▸ MATERIAL SHOWN
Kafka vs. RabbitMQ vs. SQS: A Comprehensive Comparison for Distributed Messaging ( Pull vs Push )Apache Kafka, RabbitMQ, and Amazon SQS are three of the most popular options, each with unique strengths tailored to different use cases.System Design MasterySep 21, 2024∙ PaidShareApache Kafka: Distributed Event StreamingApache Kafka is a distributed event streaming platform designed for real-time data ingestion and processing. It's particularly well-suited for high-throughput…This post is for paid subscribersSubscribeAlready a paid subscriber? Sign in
---
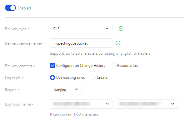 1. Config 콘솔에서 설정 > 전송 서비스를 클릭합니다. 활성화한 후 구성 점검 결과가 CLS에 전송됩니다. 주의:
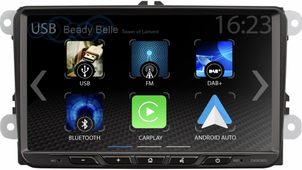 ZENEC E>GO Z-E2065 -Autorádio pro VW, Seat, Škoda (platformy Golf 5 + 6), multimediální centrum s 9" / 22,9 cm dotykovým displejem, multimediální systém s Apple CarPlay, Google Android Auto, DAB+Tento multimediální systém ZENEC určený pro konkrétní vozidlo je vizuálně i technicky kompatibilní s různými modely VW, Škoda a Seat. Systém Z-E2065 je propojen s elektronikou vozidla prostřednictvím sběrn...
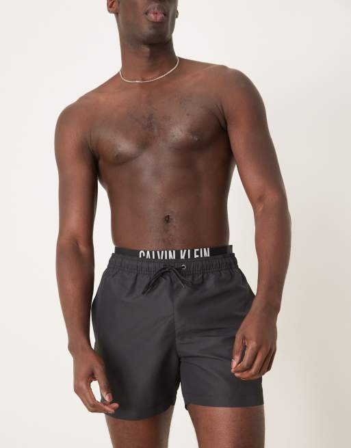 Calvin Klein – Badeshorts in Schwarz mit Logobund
...
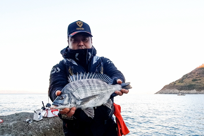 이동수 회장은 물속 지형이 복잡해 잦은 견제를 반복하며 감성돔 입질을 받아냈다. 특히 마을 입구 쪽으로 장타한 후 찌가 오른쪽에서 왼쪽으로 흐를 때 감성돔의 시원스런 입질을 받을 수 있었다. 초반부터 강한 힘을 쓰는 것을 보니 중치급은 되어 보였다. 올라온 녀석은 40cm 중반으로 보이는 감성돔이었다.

▸ WHAT IS REQUIRED
Output only the lines above from the one containing "ZENEC E>GO Z-E2065" to the one containing "Calvin Klein –", both included, exactly as written and with no pictures.

▸ RESULT FOR THIS TASK
 ZENEC E>GO Z-E2065 -Autorádio pro VW, Seat, Škoda (platformy Golf 5 + 6), multimediální centrum s 9" / 22,9 cm dotykovým displejem, multimediální systém s Apple CarPlay, Google Android Auto, DAB+Tento multimediální systém ZENEC určený pro konkrétní vozidlo je vizuálně i technicky kompatibilní s různými modely VW, Škoda a Seat. Systém Z-E2065 je propojen s elektronikou vozidla prostřednictvím sběrn...
 Calvin Klein – Badeshorts in Schwarz mit Logobund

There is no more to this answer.